- Reaction score
- 35
- Points
- 560
Here is another look at how things are working out at ground level in Wisconsin:
http://www.intellectualconservative.com/2011/04/07/union-thuggery-playing-hardball-in-wisconsin/
http://www.intellectualconservative.com/2011/04/07/union-thuggery-playing-hardball-in-wisconsin/
Union Thuggery: Playing Hardball in Wisconsin
By Gary Larson, on April 7th, 2011
Tooth-'n-nail battle of public unions to save self-proclaimed "rights" that are privileges is a struggle against fiscal sanity and against ordinary tax-paying Americans.
If anyone wondered why the Mafia-like motives of some public union employees assert themselves in Wisconsin, wonder no more. Theirs is a battle royale to save "rights" that are really privileges granted by "kept" legislators beholden, in many cases, to the public employee unions which feed and keep them.
Make no mistake: The knock-down, drag-out battle in Wisconsin is based on total self-interest, pushing for past privileges, recast as workers' "rights" that ultimately could bankrupt that state. One would think "collective bargaining rights" are immutable, found in the Bill of Rights, or in The Universal Rights of Man, to hear the public union officials and their lackeys in the Legislature. It is simply not so.
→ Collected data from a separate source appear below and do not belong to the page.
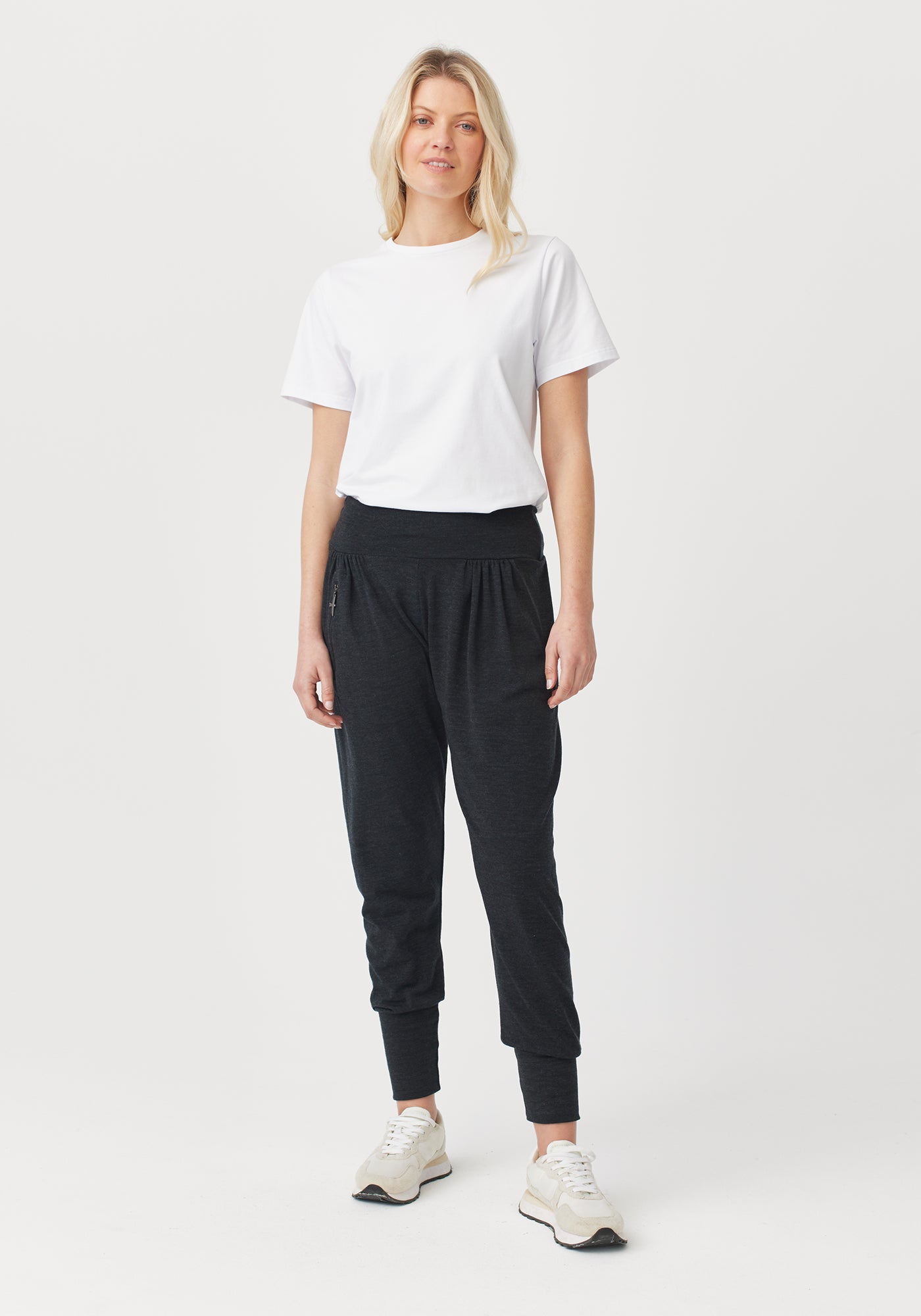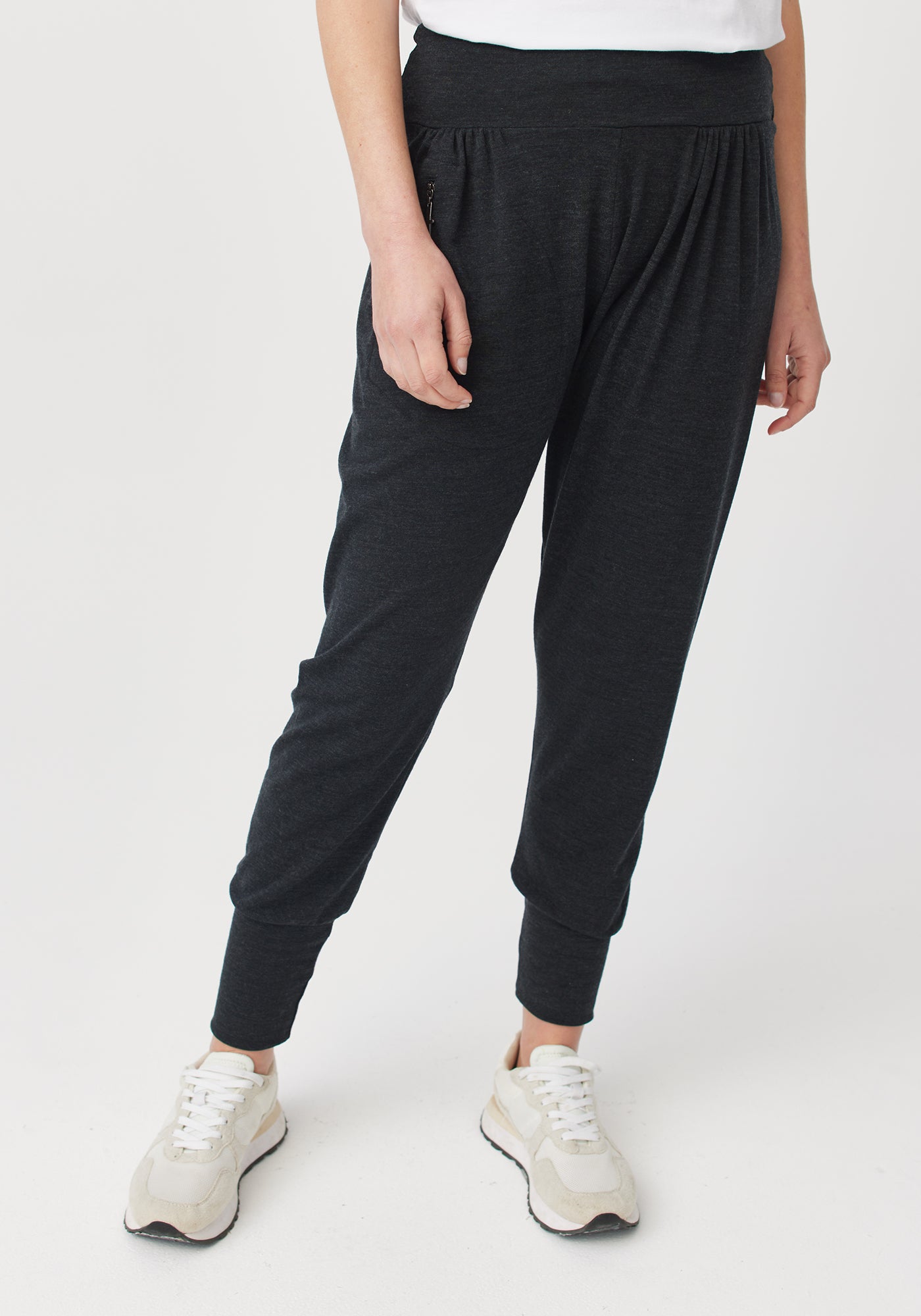 One day, we woke up and decided to make the best pants ever. Pants that you enjoy wearing, pants that make other pants jealous. So, we added a comfy wide waistband, made sure they were extra-flattering, and added a clever zipped pocket for you to store all your prized possessions (or at least the small ones). Wear them while you work from home, explore the outdoors, or even in the yoga studio - the ankle cuffs will hold them in place when you’re upside down. And if you’re expecting, thank us later (yes, food babies count). Weaving together style, comfort, and sustainability, these are the only pants you’ll want to wear from now on. Sorry, other pants.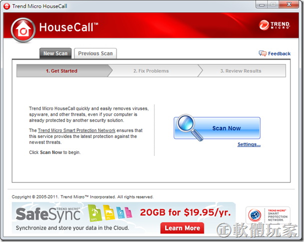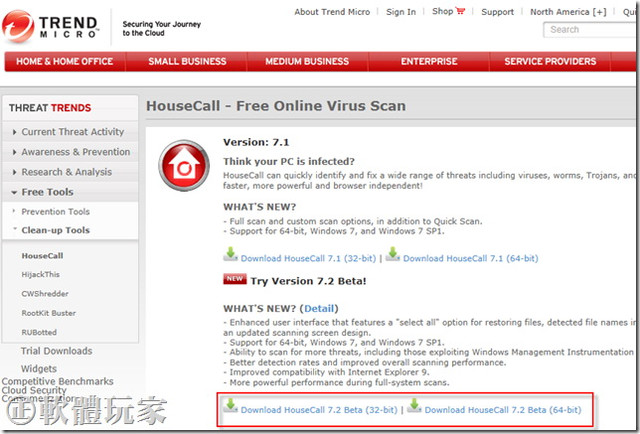 如果你希望試試趨勢本身的HouseCall掃毒服務,只要到HouseCall的官方網站,即可下載最新的7.2 Beta版(請注意有分成32及64位元)來幫你掃毒。不過該網站及掃毒工具的介面都為英文,使用起來可能會有點吃力。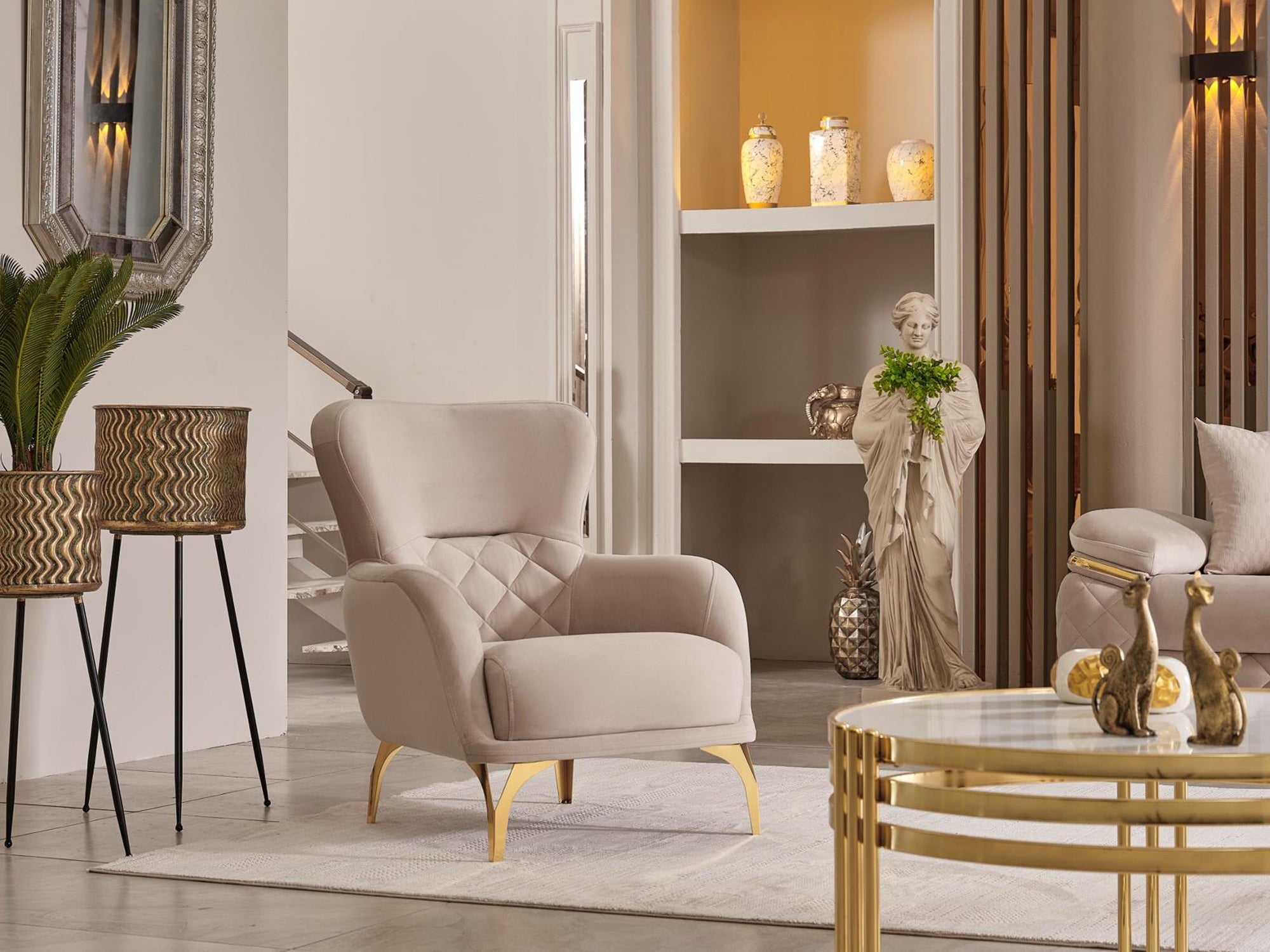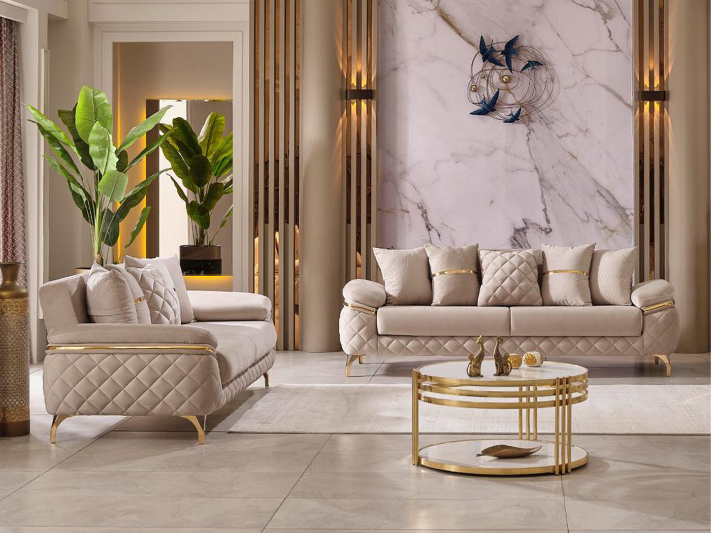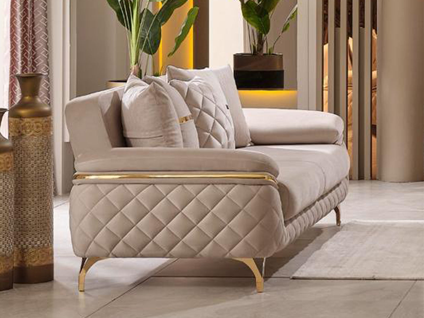 The specially designed metal base, highlighted by its eye-catching gold color, enhances the overall elegance. Gold accents on the arm details further emphasize its sophistication. The stitched fabric structure on the armrests not only provides an aesthetic look but also ensures durability; these details contribute to the refined character of the sofa set.

No matter how often the Orwellian construction of "rights" is flung to describe collective bargaining, it does not make it so. A lie, a mantra repeated incessantly, is not truth, no matter how fervently held.
The battle in Wisconsin, a war now spreading to other states, casts a dark shadow over efforts to balance state budgets fairly, not on the backs of any class -- say, regular taxpayers. Not to favor one class of workers, public employees, over the private sector employees, is only fair. Somehow ordinary back-home folks have figured out that someone -- namely, private sector taxpayers -- were paying 100% of public employees' pension plans and about 94% of their generous health plan costs in Wisconsin.
Not a square deal at all, truth be told. But tell that to the union bosses.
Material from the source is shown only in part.